Nos apuntamos 15 en categoría masculina: quedando encuadrados en 3 grupos de 5. Con lo que te asegurabas jugar un mínimo de 4 partidos y descansar una ronda. Los 3 primeros de cada grupo y el mejor segundo de los 3 grupos pasaban a semifinales.

Y 4 en categoría femenina: un sólo grupo, liga entre las 4 participantes.

Los partidos de la primera fase se disputaron al mejor de 15 en vez de a 21, como es habituales. En las semifinales y la final se recuperó el juego a 21.

El año anterior hubo 4 grupos y quedé eliminado sin pasar a semifinales; no es excusa pero me presenté al torneo en baja forma y sin un entrenamiento adecuado; este año a pesar de no estar al 100% he llegado con más base de entrenamiento y con más fuerza sobretodo al trabajo específico de musculación que he empezado a hacer hace 3 semanas, que es poco pero que he notado; además de ejercicios específicos de yoga que me han dado más conciencia sobre mi cuerpo, así como entrenar 4 veces a la semana, a diferentes intensidades.

Centrándome en el torneo de nuevo: en mi caso, me tocó descansar en la primera ronda. Hice de árbitro, para observar el juego de mis compañeros 🙂

El primer partido fue muy duro a 3 sets. El primer set lo perdí, todavía frío, pero gané el segundo 16-14 y me impuse también en el tercer set; explotando de alegría y dejando de lado los nervios.
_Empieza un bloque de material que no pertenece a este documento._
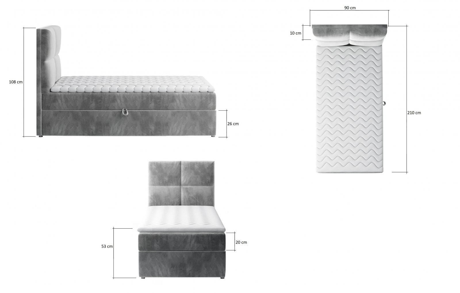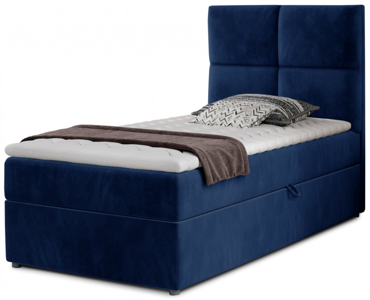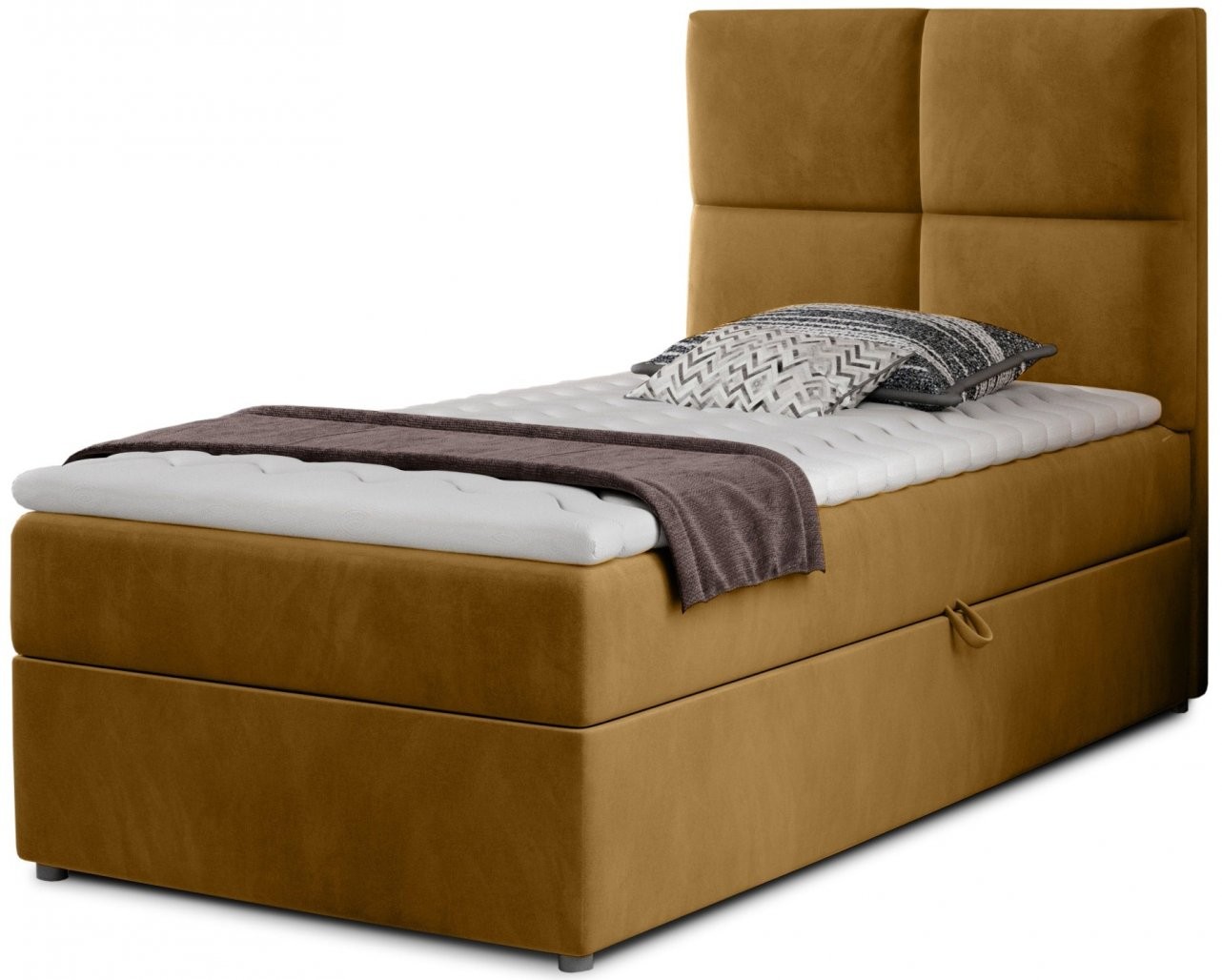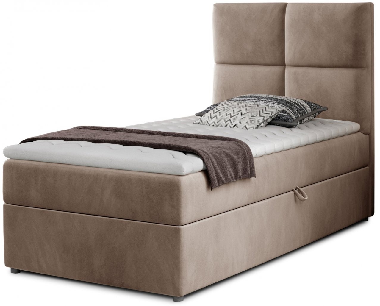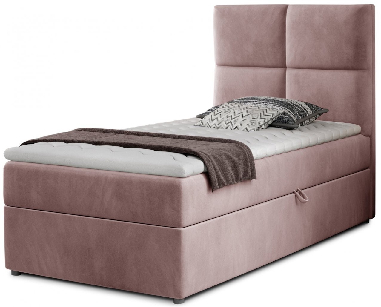 Boxspring postelja Rivia 90x200 je popolna izbira za vse, ki si želijo udobno, elegantno in funkcionalno posteljo za otroško, mladinsko ali gostinsko sobo. Kljub svoji kompaktni velikosti ponuja maksimalno udobje in praktičnost, ki jo boste cenili vsak dan.

Los siguientes tres partidos los intenté resolver lo más rápido posible, el sobreesfuerzo del primer partido me había provocado pequeñas molestias en la pierna derecha que aumentaban a medida que hacía movimientos más bruscos. Gané los 3 y me clasifiqué como primero de grupo para la semifinal. ¡Objetivo cumplido! En semifinales y ahora a disfrutar del deporte que más me gusta.

Mi contrincante en semifinales fue un excompañero que por motivos de trabajo no ha podido continuar viniendo los sábados a las clases del Claror; pero con un potente smash; por lo que físicamente aguantó bien el primer set, que gané 24-22 y se quedó sin fuelle en el segundo, ganándolo también por 21-8. Por lo que me clasifiqué para la final. ¡Segundo objetivo cumplido!

El otro partido no lo pude ver, jugamos al mismo tiempo las 2 semifinales, pero según me comentaron fue bastante duro y disputado; ganado en tres sets, por el mismo jugador al que un servidor había derrotado en la primera fase.

Por lo que me planto en la final y me vuelvo a enfrentar, a según mi modo de ver las cosas con el mejor jugador de todos los que participábamos y obviamente el más preparado.

Empezamos el peloteo y noto que mi pierna derecha vuelve a resentirse y empiezo a repetir el mantra que llevaba diciéndome durante todo el torneo: en el centro, fuerte y agresivo.

Repaso mentalmente lo poco de estrategia que sé: si me sirven a la derecha volante al fondo de la pista lo más rápido posible para que mi rival tenga que devolverla de revés y si me sirven a la izquierda drop lo más cerca de la red.

Optaré por el saque de derecha, ya sea corto o largo; básicamente porque durante todo el torneo así lo he hecho, exceptuando contadas ocasiones, que he usado el saque de revés corto.

E intentaré respirar adecuadamente, no tirarme al suelo a buscar volantes imposibles y mantener un buen tono físico.

Me toca sacar y a la primera ya he sacado demasiado alto, rebotando el volante contra el techo. El primer set discurre con alternativas, hasta que acelero en la parte final y consigo ganar 21-18. Me notó cansado, pero ya he cumplido mi tercer objetivo que era al menos ganar un set. Un poco de agua, guiño el ojo a Cristina y volvemos.

El segundo set es un paseo militar de mi contrincante que despliega fuerza, contundencia y colocación haciéndome correr de lado a lado y de atrás a adelante a su antojo, me gana cómodamente 21-10. La pierna me duele cada vez más, pero no es excusa. Mucha más agua.

El profe me pregunta como voy y le digo que estoy muy cansado y que ya he cumplido mi objetivo, me mira y se ríe y me dice que no es para tanto.